I never had kids, so I cannot know the anguish and guilt that parents here must feel… but I would suggest that appropriate screening for learning disabilities, and close attention to possible socialization problems, be reviewed along with gender identity issues. There are many, many reasons that kids & adolescents feel ashamed and unwelcome in their own skin… but some of those reasons could have a cause that could be addressed and, perhaps, help free your children from their pain.
Peace and blessings!
Charlie – I loved reading your history and loved getting to know you even better – its a lifetime effort to develop as a full person and then be open and honest so others can continually get to know you and love you.
I always felt – even before your birth – that first I was a “person” and needed to fully develop as a “person” and not a gender. I grew up seeing signs that said “No women allowed” and I thank my father for bringing me anyway, even when it meant when we got inside he would have to fight to keep me there (and he did).

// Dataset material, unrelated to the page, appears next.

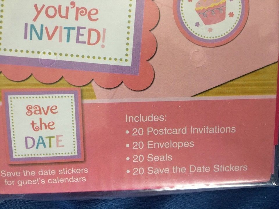 The pack is sealed. It contains 20 Postcard Invitations, 20 envelopes, 20 envelope seals and 20 Save the date stickers for calandars.

I joined the gyms before women were welcomed, played pool, golfed and loved to talk and listen to business conversations – all labeled “things men do” and I proceeded to live my life to be ALL of me rather than “just the girl me” (that was imposed upon me by society).

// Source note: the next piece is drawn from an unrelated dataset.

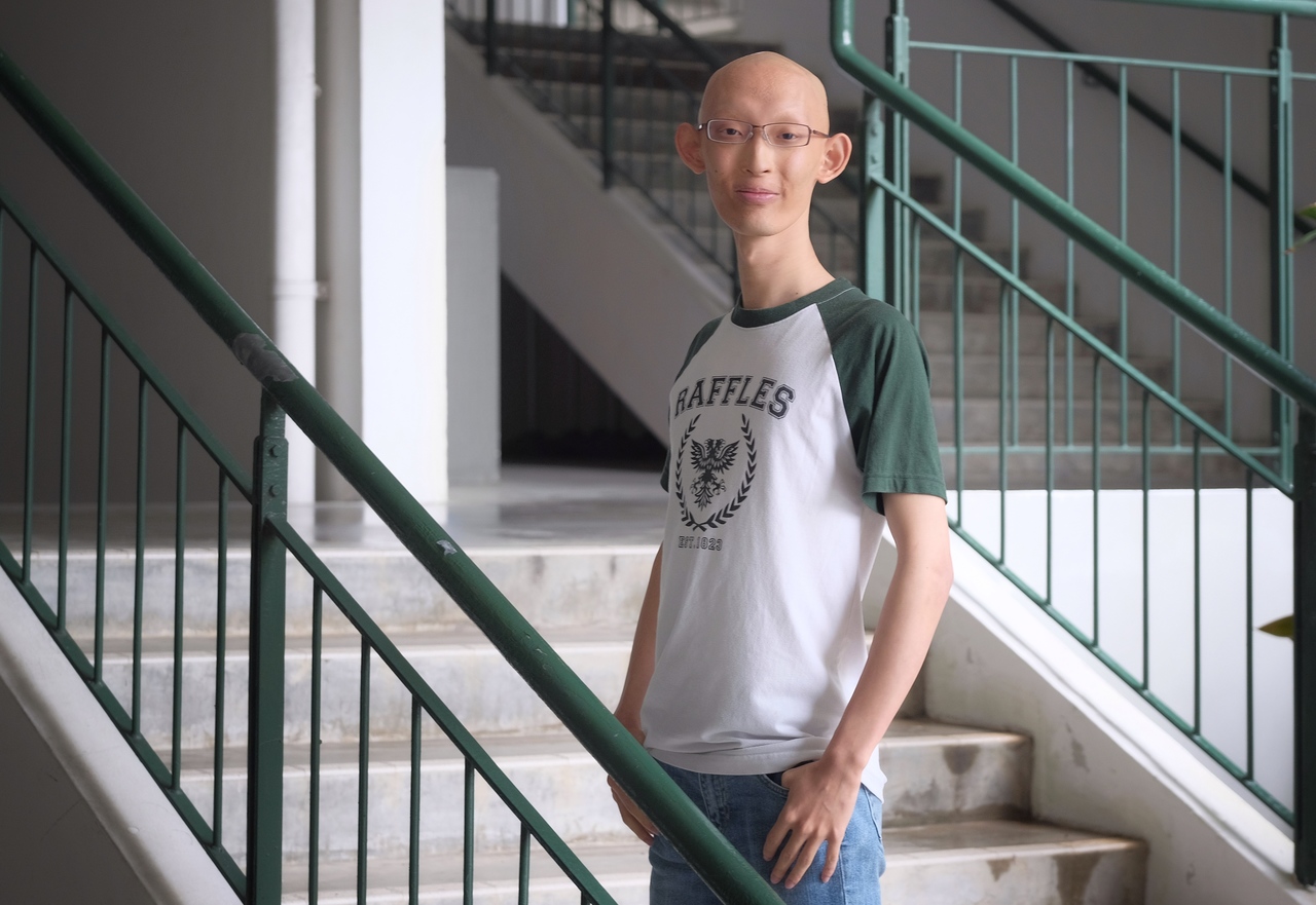 Raffles Institution student Loh Yih Hang has no sweat glands and minimal salivary glands. The 18-year-old looks older than he is, with no hair and missing teeth.

When I was growing up I did not think I was a boy. I thought “boys have it better” and I wanted that. Boys had more freedoms, more opportunities, they were taken seriously far more often than girls, they had more support, success and space than girls. I wanted all of those things. I attribute my ability to be focused on the things I wanted rather than my gender to my father – who – against everyone’s insults – raised me to be a FULL PERSON regardless of the fact that I was “a girl” and even though society had a “box” for me he never put me in it.
My father never referenced my gender – ever. He just supported me in whatever I wanted in life. He kept pushing back society-type boundaries that limited and oppressed me (and all women) and never talked to me about it at all….he never said society was wrong, he did not preach, he did not lecture me. He cleared my path sometimes daily but always quietly and when he was loud (even physically fighting) it was never towards me–it was towards what was limiting and oppressing me. So Grampa needs a nod too….and its important to know my mother never agreed and was vocal against him about HOW he raised me – he ignored her completely. THANKS DAD.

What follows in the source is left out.